## What to work on
In the material below, find the span from the line with "根据《工业和信息化部科技型企" to the line with "This artwork depicts" and transcribe only those lines, exactly, ends included, without the pictures.

## Collected data
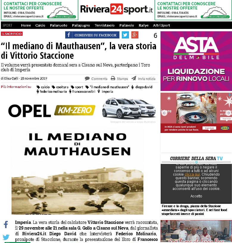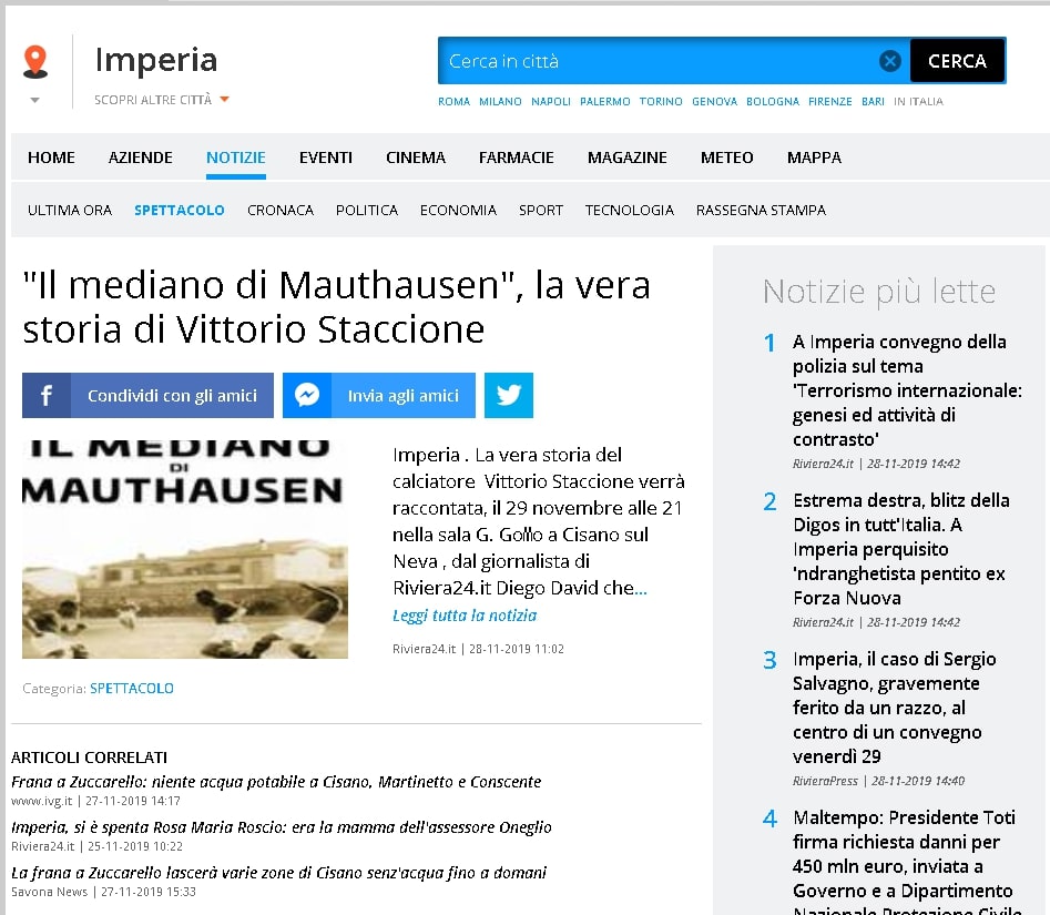 “Il mediano di Mauthausen”, venerdì a Cisano la presentazione del volume su Vittorio Staccione su Savonanews.it
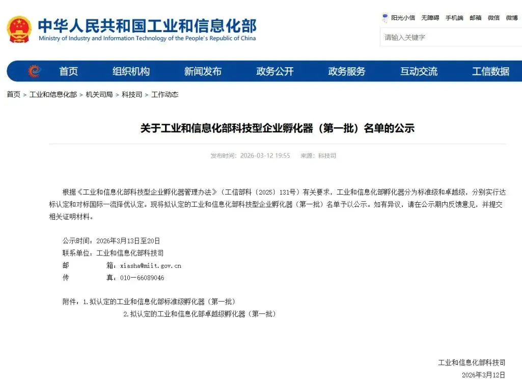 根据《工业和信息化部科技型企业孵化器管理办法》(工信部科〔2025〕131号)有关要求,工业和信息化部孵化器分为标准级和卓越级,分别实行达标认定和对标国际一流择优认定。现将拟认定的工业和信息化部科技型企业孵化器(第一批)名单予以公示。如有异议,请在公示期内反馈意见,并提交相关证明材料。
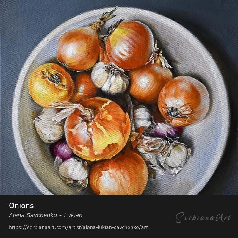 This artwork depicts a ripe onion, painted with oil on linen canvas. The realistic details and careful shading bring out the texture and natural beauty of this everyday object. The composition emphasizes the simplicity and elegance of nature, transforming an ordinary subject into a captivating piece of art.
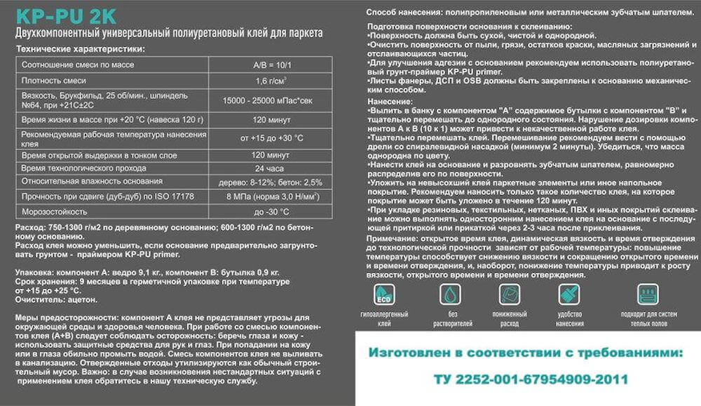 Полиуретановый клей KRAFT PARKETT KP-PU 2K / 10 кгДвухкомпонентный универсальный полиуретановый клей для паркета Характеристики: Общее соотношение смеси по своей массе составляет А/В = 10/1. Плотность составляет 1,6 кг./см. куб. Вязкость рассчитанная по Брукфильду, 25 оборотов в минуту: шпиндель номер 64, при темп. 21 гр. плюс/минус 2 град. 15000-25000 мПас/с. Время жизни в общей массе при темп. 20 град. (навеска 120 г.) составляет 120 мин. Рекомендуется наносить клей при показателях темп. от 15 до 30 град. Время прохода: 24 ч. Основание имеет относительную влажность: 8-12%, а бетон: 2,5%. Прочность (дуб/дуб) измеренная по ISO 17178 составляет 8 МПа. (стандарт 3 Н/кв. мм). Показатели устойчивости к холоду: до минус 30 град. Расход клея при использовании составляет значение от 750 до 1300 гр. по дереву, по бетону и стяжке от 900 до 1500 гр. Внимание! Расход имеется возможность заметно снизить, если основание качественно загрунтовать с использованием праймером марки KP-PU PRIMER. Срок хранения клея составляет 9 мес., в герметичной таре при показателях темпер. 15-30 град. Меры предосторожности при использовании клея: При использовании необходимо следовать мерам осторожности и тщательно беречь глаза, а также кожу. Необходимо применять специализированные средства защиты. Если клей попала на кожу и глаза, следует незамедлительно промыть водой. Особенности нанесения: Клей необходимо наносить при использовании зубчатого или же полипропиленового вида шпателя. Особенности подготовки: Вытираем поверхность насухо и удаляем грязь. Чтобы улучшить показатели адгезии, рекомендуется применять грунт-праймер марки KP-PU PRIMER. Нанесение: Вылить содержимое компонента "А" в банку, где находится компонент "В" и перемешать, пока не получится однородная масса. Не рекомендуется нарушать дозировку компонентов, потому как это приведет к снижению качества клея. Наносите клей на основание и равномерно располагаете его. Следует наносить такое количество клея, чтобы поверхность могла высохнуть за 120 мин. При осуществлении укладки клея на резиновых, а также нетканых, текстильных и ПВХ поверхностях, имеется возможность выполнять склеивание с последующей протиркой, что более эффективно и надежно при использовании. Выгодно приобрести Купить клей KRAFT PARKETT KP-PU 2K / 10 кг, который отличается высоким качеством и эффективностью при использовании. Закажите с бесплатной доставкой, и мы предоставим хорошую скидку до 15 процентов. Дополнительно в подарок инструмент для нанесения - зубчатый шпатель. |

## Exercise solution
 根据《工业和信息化部科技型企业孵化器管理办法》(工信部科〔2025〕131号)有关要求,工业和信息化部孵化器分为标准级和卓越级,分别实行达标认定和对标国际一流择优认定。现将拟认定的工业和信息化部科技型企业孵化器(第一批)名单予以公示。如有异议,请在公示期内反馈意见,并提交相关证明材料。
 This artwork depicts a ripe onion, painted with oil on linen canvas. The realistic details and careful shading bring out the texture and natural beauty of this everyday object. The composition emphasizes the simplicity and elegance of nature, transforming an ordinary subject into a captivating piece of art.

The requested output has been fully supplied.